* **To do**: Repeat each record exactly as written, and drop any images.

* **Data for the task**:
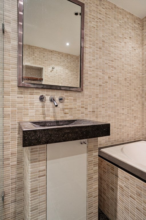 Il bagno è dotato di doccia, lavabo e una deliziosa jacuzzi per il relax.
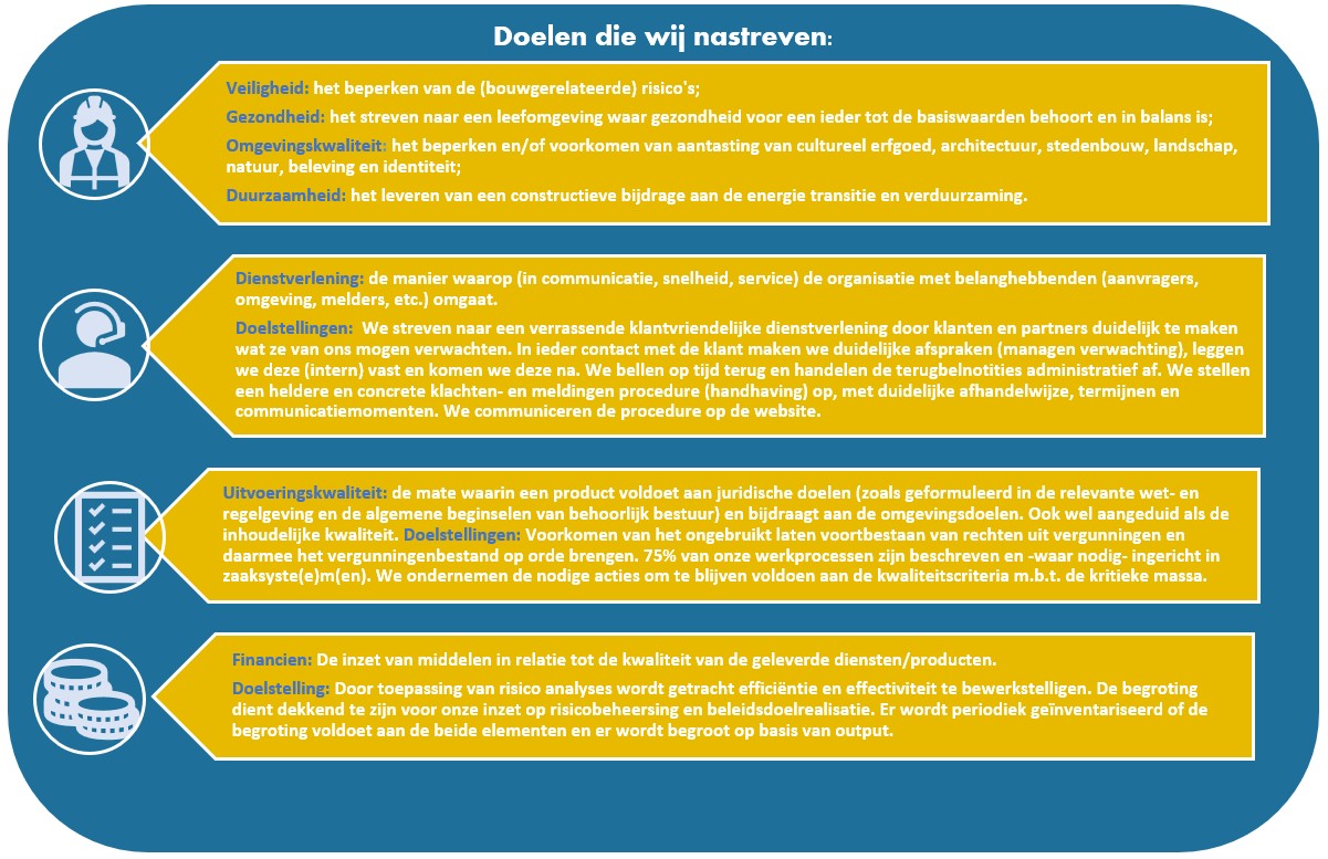Cruciaal voor het leveren van kwaliteitsproducten is de beschikbaarheid van vakmanschap en expertise en de borging van de kwaliteit. Als kwaliteitsafspraken niet worden vastgelegd, gemonitord en gerapporteerd is er een sterke mate van afhankelijkheid van de individuele medewerker. Kwaliteit is (1) het realiseren van de afgesproken doelstellingen en (2) het voldoen aan de wettelijke eisen. In de verordening Uitvoering en handhaving Omgevingsrecht gemeente Heeze-Leende is een verplichting opgenomen om doelen uit te werken op de volgende onderwerpen. Zie figuur 5, de tabel hieronder:
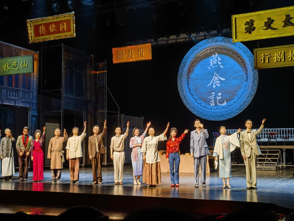 演員謝幕。5月21日至25日,話劇《燕食記》在國(guó)家話劇院劇場(chǎng)成功完成首輪演出。馬霞 攝
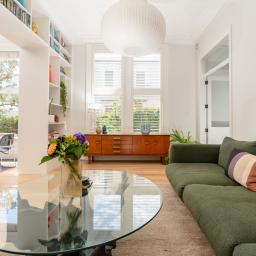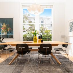 Soft materiality runs throughout: linen, wool, solid oak and sculptural lighting made possible by generous ceiling height. This layered and textural approach results in an elevated and very liveable interior.
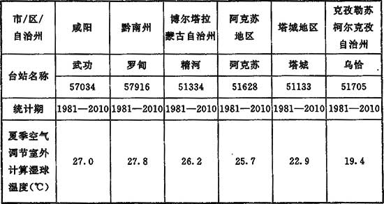 本附錄提供了我國除香港、澳門特別行政區(qū),臺灣外28個省級行政區(qū)、4個直轄市所屬294個臺站的室外空氣計算參數(shù)。由于臺站遷移、觀測條件不足等因素,個別臺站的基礎(chǔ)數(shù)據(jù)缺失,統(tǒng)計年限不足30年。統(tǒng)計年限不足30年的計算結(jié)果在使用時應(yīng)參照鄰近臺站數(shù)據(jù)進(jìn)行比較、修正。咸陽、黔南州及新疆塔城地區(qū)等個別臺站的濕球溫度無記錄,可參考表15的數(shù)值選取。
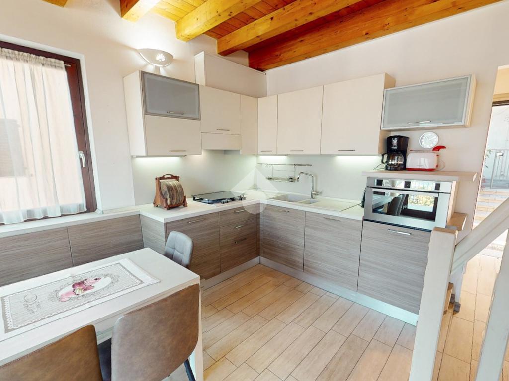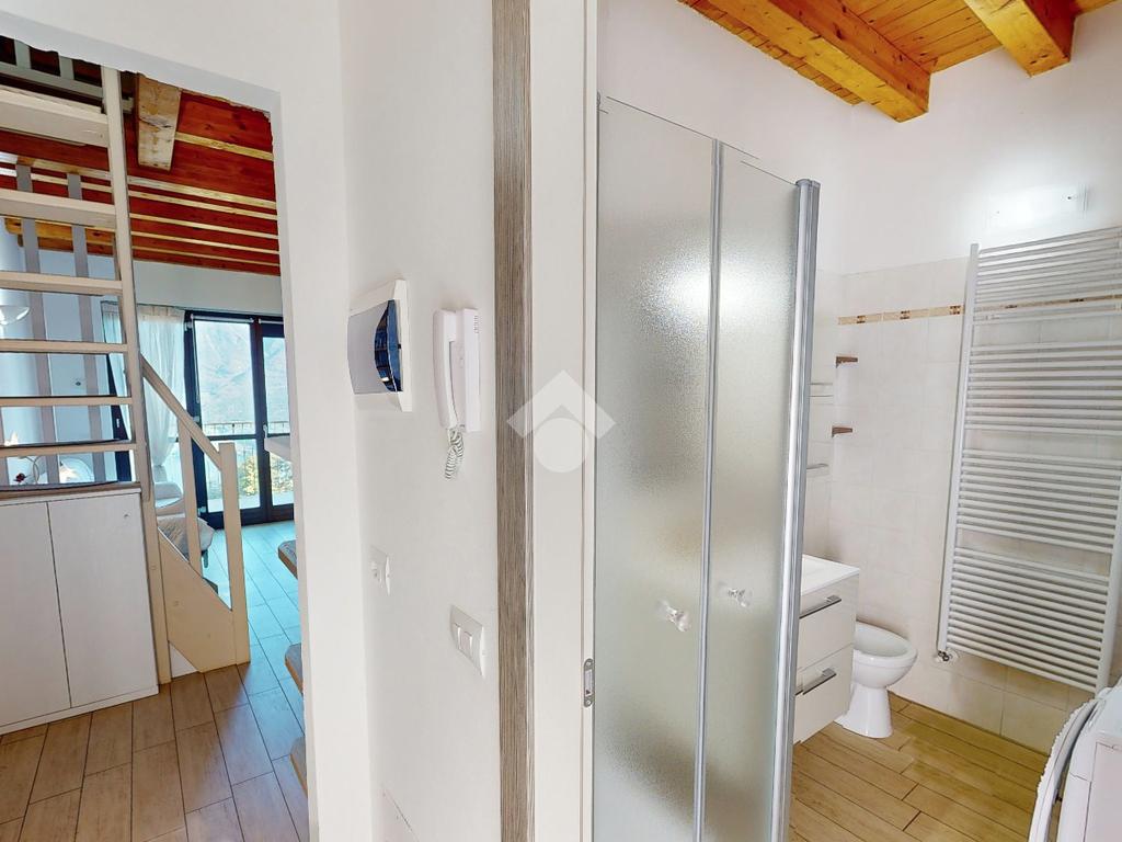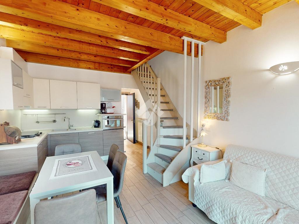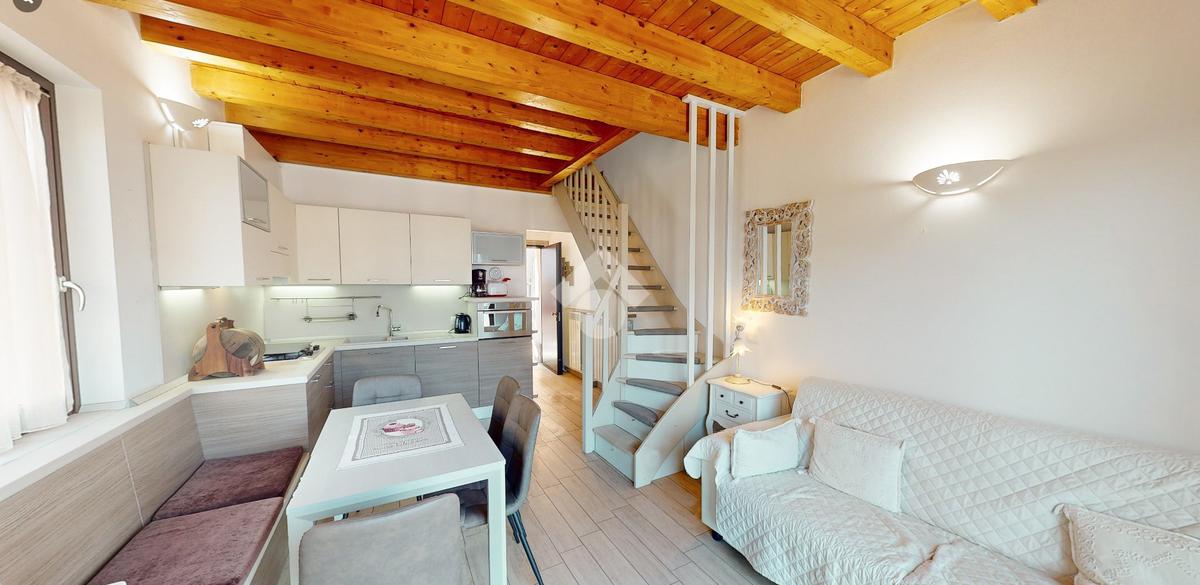 The property, spread over two floors, consists of a living area with open-plan kitchen, bathroom with shower, and terrace with panoramic lake views. Climbing the wooden stairs leads to the attic sleeping area with double bedroom and a second bathroom complete with sanitary fixtures.

* **Result**:
 Il bagno è dotato di doccia, lavabo e una deliziosa jacuzzi per il relax.
Cruciaal voor het leveren van kwaliteitsproducten is de beschikbaarheid van vakmanschap en expertise en de borging van de kwaliteit. Als kwaliteitsafspraken niet worden vastgelegd, gemonitord en gerapporteerd is er een sterke mate van afhankelijkheid van de individuele medewerker. Kwaliteit is (1) het realiseren van de afgesproken doelstellingen en (2) het voldoen aan de wettelijke eisen. In de verordening Uitvoering en handhaving Omgevingsrecht gemeente Heeze-Leende is een verplichting opgenomen om doelen uit te werken op de volgende onderwerpen. Zie figuur 5, de tabel hieronder:
 演員謝幕。5月21日至25日,話劇《燕食記》在國(guó)家話劇院劇場(chǎng)成功完成首輪演出。馬霞 攝
 Soft materiality runs throughout: linen, wool, solid oak and sculptural lighting made possible by generous ceiling height. This layered and textural approach results in an elevated and very liveable interior.
 本附錄提供了我國除香港、澳門特別行政區(qū),臺灣外28個省級行政區(qū)、4個直轄市所屬294個臺站的室外空氣計算參數(shù)。由于臺站遷移、觀測條件不足等因素,個別臺站的基礎(chǔ)數(shù)據(jù)缺失,統(tǒng)計年限不足30年。統(tǒng)計年限不足30年的計算結(jié)果在使用時應(yīng)參照鄰近臺站數(shù)據(jù)進(jìn)行比較、修正。咸陽、黔南州及新疆塔城地區(qū)等個別臺站的濕球溫度無記錄,可參考表15的數(shù)值選取。
 The property, spread over two floors, consists of a living area with open-plan kitchen, bathroom with shower, and terrace with panoramic lake views. Climbing the wooden stairs leads to the attic sleeping area with double bedroom and a second bathroom complete with sanitary fixtures.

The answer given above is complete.